In your copy, leave out the pictures and repeat the entries below exactly.

•••

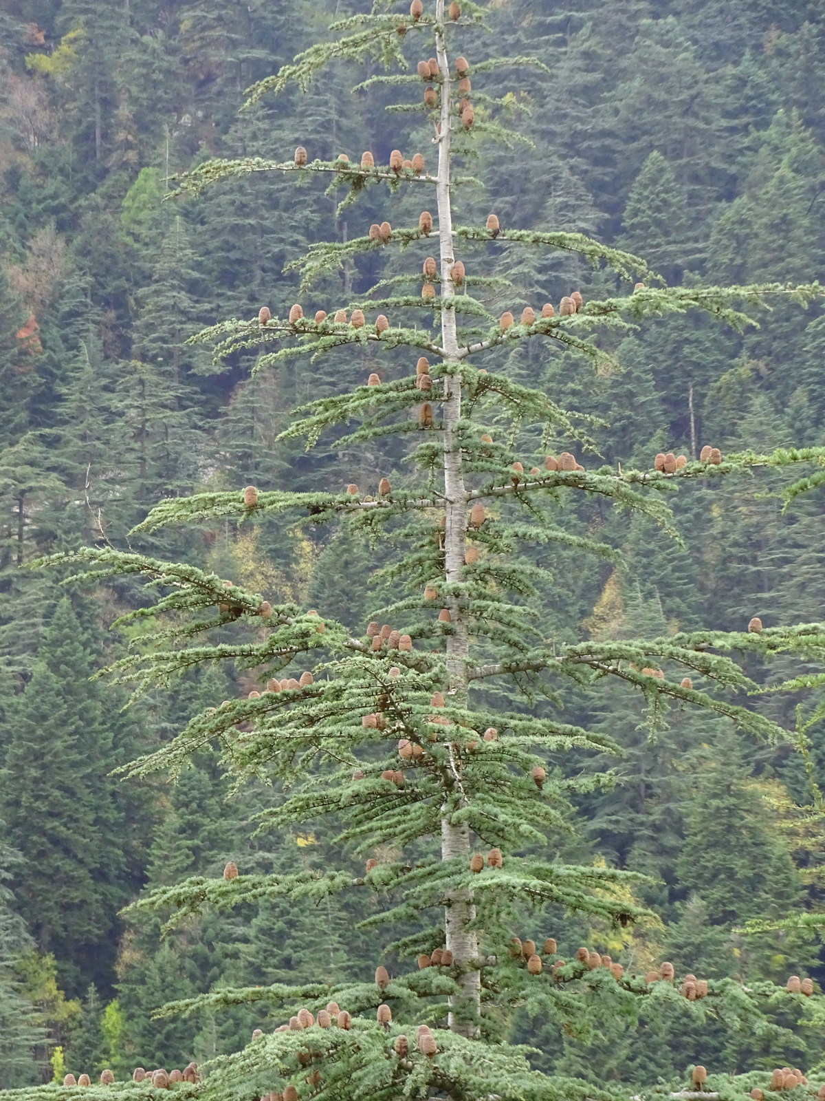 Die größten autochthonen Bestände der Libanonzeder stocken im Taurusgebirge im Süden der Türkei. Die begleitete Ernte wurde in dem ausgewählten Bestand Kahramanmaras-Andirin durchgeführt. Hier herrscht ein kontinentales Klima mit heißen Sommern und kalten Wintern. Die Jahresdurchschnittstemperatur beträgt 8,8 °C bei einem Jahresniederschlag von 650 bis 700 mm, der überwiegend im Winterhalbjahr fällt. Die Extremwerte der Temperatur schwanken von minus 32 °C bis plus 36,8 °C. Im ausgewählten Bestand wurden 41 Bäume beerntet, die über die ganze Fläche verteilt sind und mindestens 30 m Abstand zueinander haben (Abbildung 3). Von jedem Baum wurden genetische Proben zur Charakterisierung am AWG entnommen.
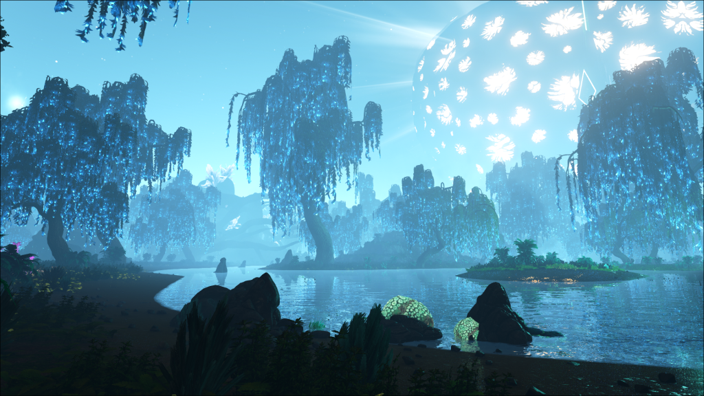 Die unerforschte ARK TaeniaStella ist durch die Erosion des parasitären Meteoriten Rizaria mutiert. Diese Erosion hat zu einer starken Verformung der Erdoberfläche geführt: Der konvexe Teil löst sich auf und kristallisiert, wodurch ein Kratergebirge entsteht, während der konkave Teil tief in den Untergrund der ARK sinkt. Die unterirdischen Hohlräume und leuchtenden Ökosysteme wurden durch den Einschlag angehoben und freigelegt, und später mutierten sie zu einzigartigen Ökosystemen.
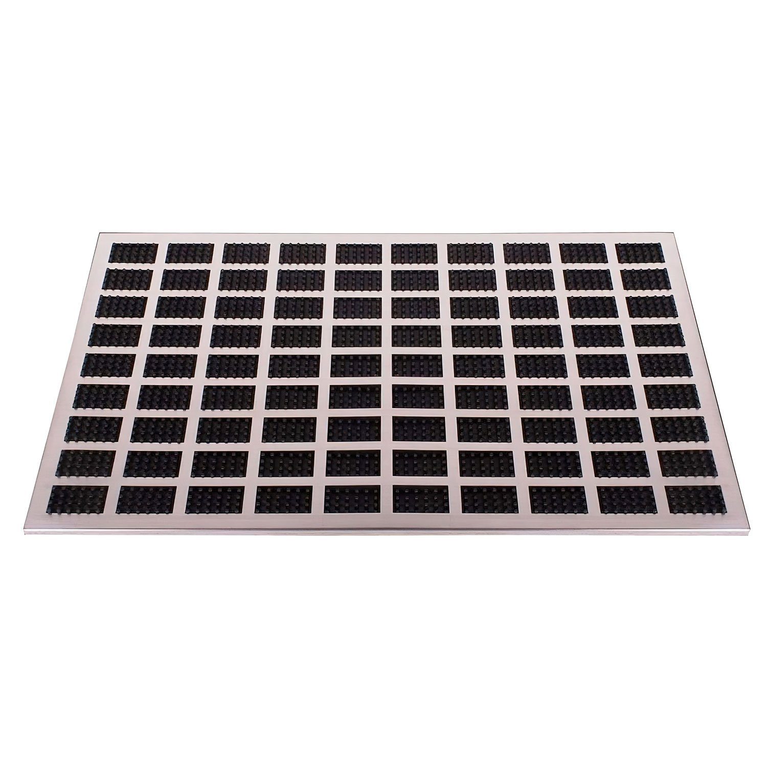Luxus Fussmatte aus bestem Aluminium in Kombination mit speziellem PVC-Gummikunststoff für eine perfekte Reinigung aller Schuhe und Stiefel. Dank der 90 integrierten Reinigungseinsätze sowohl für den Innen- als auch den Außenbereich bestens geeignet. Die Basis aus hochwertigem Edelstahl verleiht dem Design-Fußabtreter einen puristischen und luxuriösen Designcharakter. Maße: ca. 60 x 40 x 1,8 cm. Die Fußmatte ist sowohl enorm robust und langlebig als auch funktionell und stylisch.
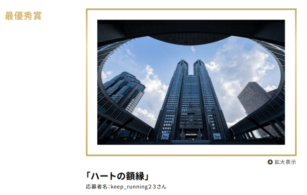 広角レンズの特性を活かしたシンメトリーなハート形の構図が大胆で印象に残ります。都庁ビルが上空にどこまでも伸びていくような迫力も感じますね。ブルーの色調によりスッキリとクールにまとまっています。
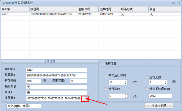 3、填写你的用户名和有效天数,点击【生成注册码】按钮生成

•••

TASK RESULT –
 Die größten autochthonen Bestände der Libanonzeder stocken im Taurusgebirge im Süden der Türkei. Die begleitete Ernte wurde in dem ausgewählten Bestand Kahramanmaras-Andirin durchgeführt. Hier herrscht ein kontinentales Klima mit heißen Sommern und kalten Wintern. Die Jahresdurchschnittstemperatur beträgt 8,8 °C bei einem Jahresniederschlag von 650 bis 700 mm, der überwiegend im Winterhalbjahr fällt. Die Extremwerte der Temperatur schwanken von minus 32 °C bis plus 36,8 °C. Im ausgewählten Bestand wurden 41 Bäume beerntet, die über die ganze Fläche verteilt sind und mindestens 30 m Abstand zueinander haben (Abbildung 3). Von jedem Baum wurden genetische Proben zur Charakterisierung am AWG entnommen.
 Die unerforschte ARK TaeniaStella ist durch die Erosion des parasitären Meteoriten Rizaria mutiert. Diese Erosion hat zu einer starken Verformung der Erdoberfläche geführt: Der konvexe Teil löst sich auf und kristallisiert, wodurch ein Kratergebirge entsteht, während der konkave Teil tief in den Untergrund der ARK sinkt. Die unterirdischen Hohlräume und leuchtenden Ökosysteme wurden durch den Einschlag angehoben und freigelegt, und später mutierten sie zu einzigartigen Ökosystemen.
Luxus Fussmatte aus bestem Aluminium in Kombination mit speziellem PVC-Gummikunststoff für eine perfekte Reinigung aller Schuhe und Stiefel. Dank der 90 integrierten Reinigungseinsätze sowohl für den Innen- als auch den Außenbereich bestens geeignet. Die Basis aus hochwertigem Edelstahl verleiht dem Design-Fußabtreter einen puristischen und luxuriösen Designcharakter. Maße: ca. 60 x 40 x 1,8 cm. Die Fußmatte ist sowohl enorm robust und langlebig als auch funktionell und stylisch.
 広角レンズの特性を活かしたシンメトリーなハート形の構図が大胆で印象に残ります。都庁ビルが上空にどこまでも伸びていくような迫力も感じますね。ブルーの色調によりスッキリとクールにまとまっています。
 3、填写你的用户名和有效天数,点击【生成注册码】按钮生成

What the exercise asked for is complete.